Cory wanted to take the mini-recorder and jam it down the guy’s throat.

Helene put a hand on his arm and held it firmly as she continued to talk. “A tractor was involved in the accident,” she said, elevating the mood and defusing the intensity. “And Mr. Brand, out of love for his brother, has offered to stay in Okmulgee and take his brother’s place as coach of the local kids’ baseball team.”

Say what?

Cory looked at her with a disbelieving glance, just like the rest of them. There was laughter and some levity now as the pack of reporters picked up on this latest news.

“Cory Brand’s coaching kids’ baseball?” the blonde asked.

Nobody seemed to be buying it.

“That’s one lucky team,” the older reporter said.

“Do the parents know their kids are getting Cory Brand as their coach?” Mr.

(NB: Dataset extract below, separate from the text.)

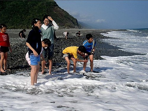 下午到達太麻里後, 走入太平洋的海灘, 我再度撫摸了這海水. 強勁的海浪拍打著海岸激起乳白色的浪花, 這種聽海看海的感覺, 真的每次都是一樣, 它讓每一個浮躁的心情沈澱下來, 讓狹隘的心胸寬廣起來. 大海的遼闊與高山的雄偉都是我的最愛, 此時我還記得世界三大海洋, 只缺大西洋讓我仍未看過也未摸過. 也讓我想起環遊世界的偉大理想仍有一大段要實現.繞過南迴公路, 到達屏東的楓港時, 我看到了在反射著耀眼陽光的台灣海峽, 這是一片我從南到北熟悉的海洋, 也曾留下我多次的足跡, 此時沿著海岸線往北走, 就可到達高雄. 這是第一次走屏東的南二高, 也是第一次走 88 號快速道路, 交通之便捷, 拉近了城鄉距離與快速的連結人與人之間的心.

Don’t-Drive-Drunk roving reporter asked.

Cory had no idea what to say. First Helene got him roped into taking some twelve-step program, and now he was coaching Little League?

Next I’m going to be working in a soup kitchen and sewing clothes for the homeless.

“Does this mean you’re moving to Okmulgee?” another journalist asked.

The others were scrambling, trying to get more details and sending others off to try to interview more people for this big story in sports.

The questions began to assault them, and Cory couldn’t answer a single one because he had enough questions of his own.

“Mr. Brand’s had a long day, guys,” Helene said, waving the white flag with her hand. “We’ll release another statement tomorrow when he attends his first practice with the Bulldogs. Thank you very much.”

I’ve gone from batting cleanup with the Grizzlies to chasing ten-year-olds on the Bulldogs. Wonderful.

Helene tugged at him to follow her back into the hospital. He gave his routine smile even as more questions came.

“Is the Bulldog venue big enough to handle the anticipated crowds?”

That was a good question, but he didn’t have the answer. The lights of the cameras went off as reporters and photographers knew this was their last opportunity to capture a moment.

Out of the entryway to the hospital and standing alone in the hallway where they could still be seen, Cory looked happy and calm on the surface, but inside he wanted to tear into his agent.

“You’re way out of line this time,” he said.

“No, you are. And I’m fixing it.” Helene raised her eyebrows and grinned as she glanced at the crowd. “Man, I’m good.”

“I’m not doing it.”

“Oh, that ship has sailed. It’s online by now. Next conversation.”

Cory glanced down the hallway leading to the room where Clay lay.

“Go see your poor brother one more time before I take you to your new home sweet home.”

Before he could tell her no or ask her another question, Helene was moving, on her way to fix things. That was her job.

He headed inside to see his brother. Not that he particularly wanted to, but he knew that was the only place he could go right now.